I like your video resolution analogy. (or is it a metaphor, simile? I always mix those up). Recently my wife saw a real high resolution TV showing a program we have binged on together on our dated TV. She asked me why it looked fake. And it did. It was so crystal clear, but somehow the movement felt manufactured.

I often associate what I am hearing with the visual. I was a photographer before digital capture was even a wet dream. I spent many hours in my dark room. I looked at film grain with a loupe to the aroma of developers and fixers and single malt in a cramped red lit room (and Led Zeppelin blaring through a mono speaker). Now I use 100% digital cameras.
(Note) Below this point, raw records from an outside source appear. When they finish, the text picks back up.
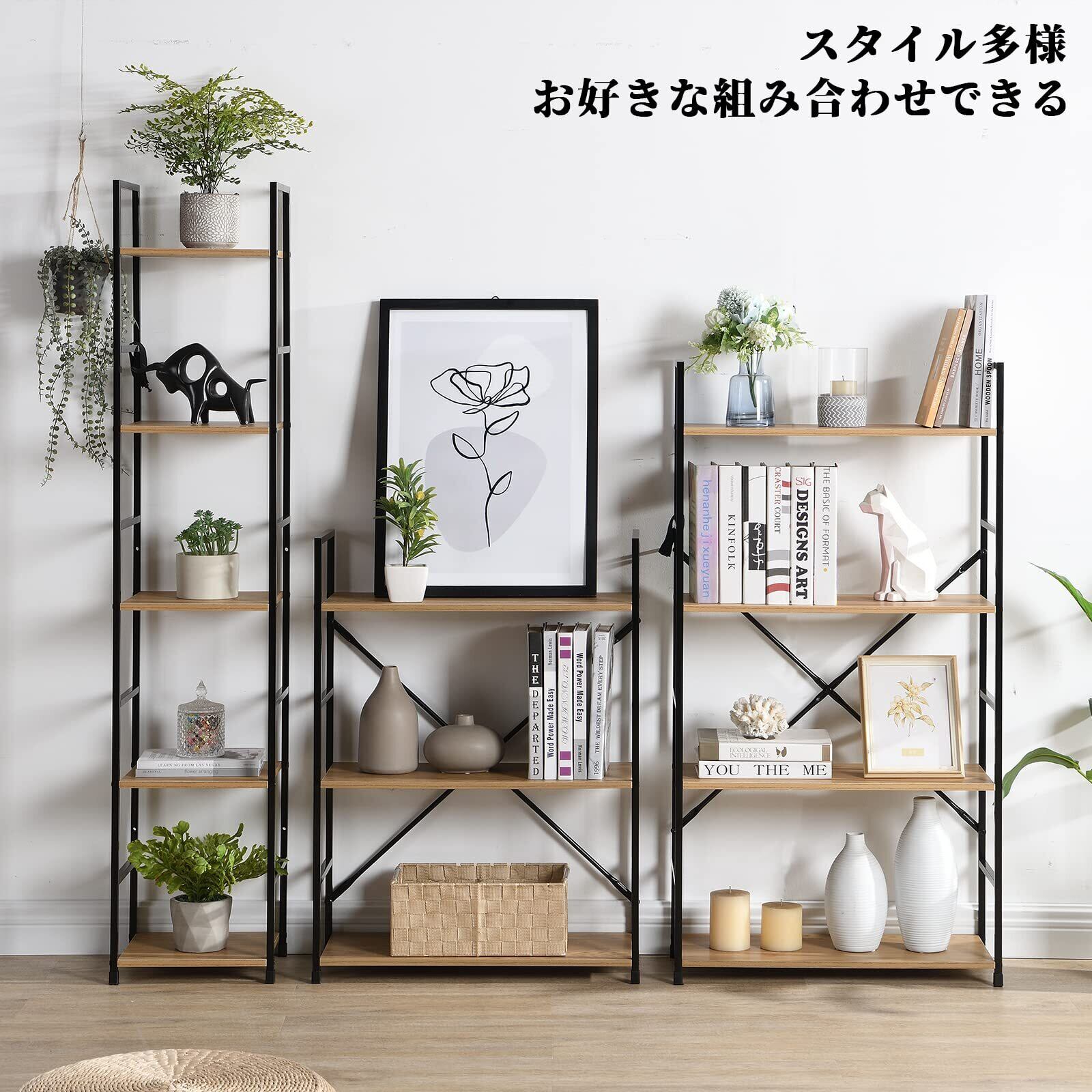 【スリム収納&おしゃれ】4段式装飾棚、シンプル&スリムな構造、ファッション、実用的です。本棚、収納ラック、植物のスタンドに十分なスペースを提供します。オフィスの棚、居間、キッチン、リビング、書斎、寝室などに適しています。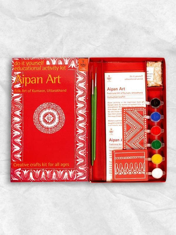 This educational art kit of Aipan Painting, a traditional art of Uttarakhand, India, is ideal to make children aged 5 and above aware of Indian culture through fun colouring cards. Aipan is a traditional folk art specifically made by women of Uttarakhand. This art is done on floor over brick red background with white paste made out of rice flour. Adult participation recommended to read story from the facts sheet.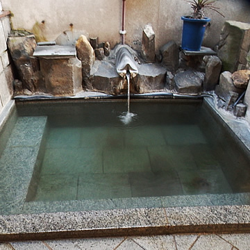 The temperature of the open-air bath is just right. Although it is old, it has a lot of facilities for a communal bath, such as a waterfal shower.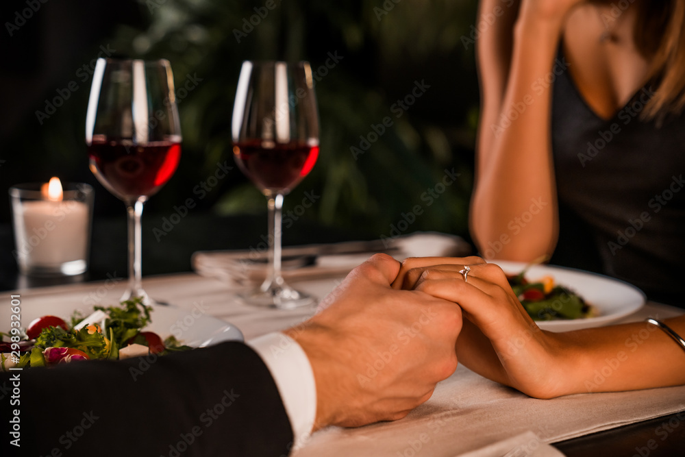 Close up shot of couple hands on restaurant table with two glasses of wine and food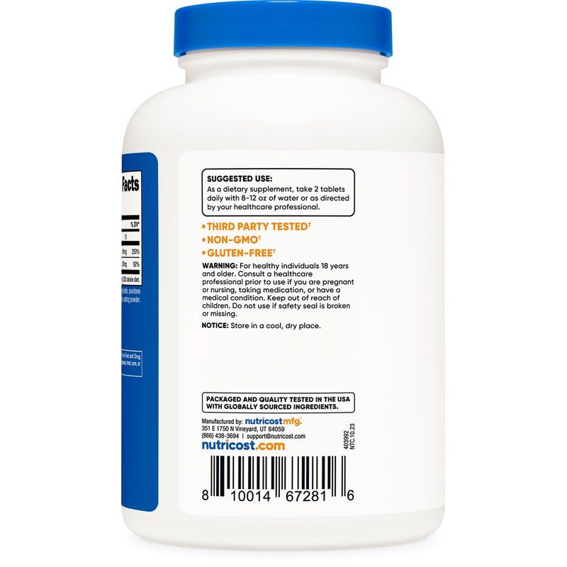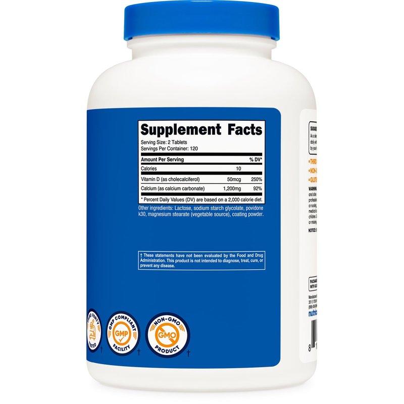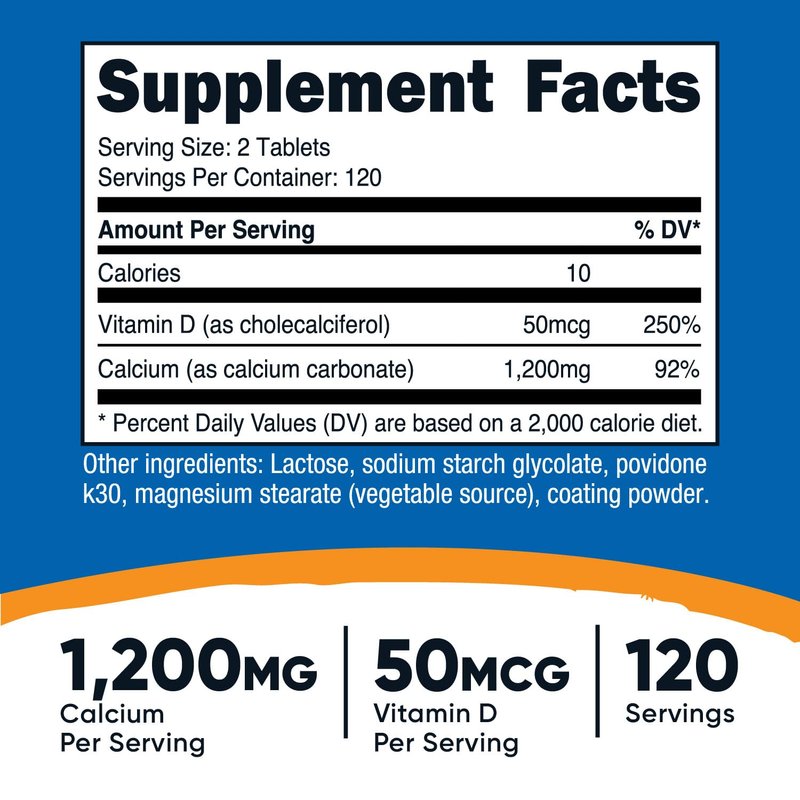 Nutricost Calcium with Vitamin D contains 1200 mg of Calcium and 50 mcg of Vitamin D. There are 240 tablets and 120 servings in every bottle.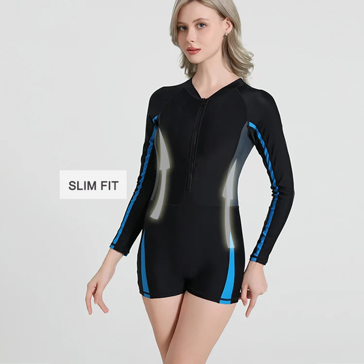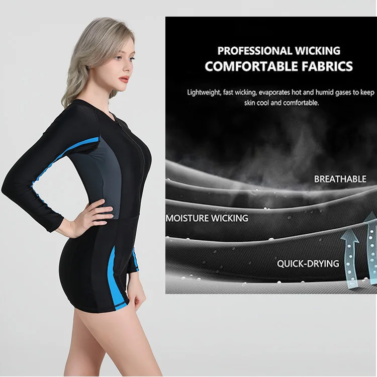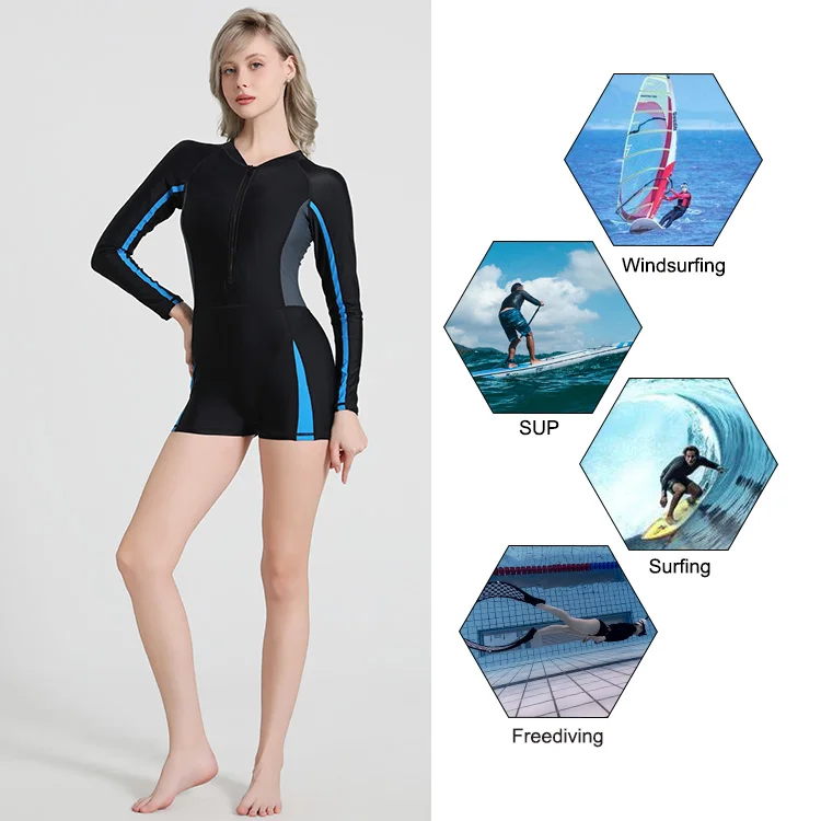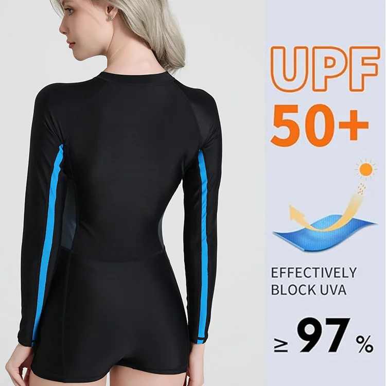 Women Long Sleeve One Piece Boyshort Swimsuit Quick Dry Breathable Full Coverage Modest Surf Swimwear UPF50+ Rash Guard

Can’t say I enjoy it. It is now possible, and often done, to over sharpen an image. There is an etched quality to such an image. This is to say nothing of saturation, fake skies, added contrast. AI has arrived for sure. Besides, photography transitioned a looooong time ago to realism being perceived as better. This is despite the fact that it was originally an art form, not a journalistic endeavor designed to record reality. I posit here that our hobby has fallen to the same false god, that hyper realism is some how better than art and that our measurements show us what is more godly.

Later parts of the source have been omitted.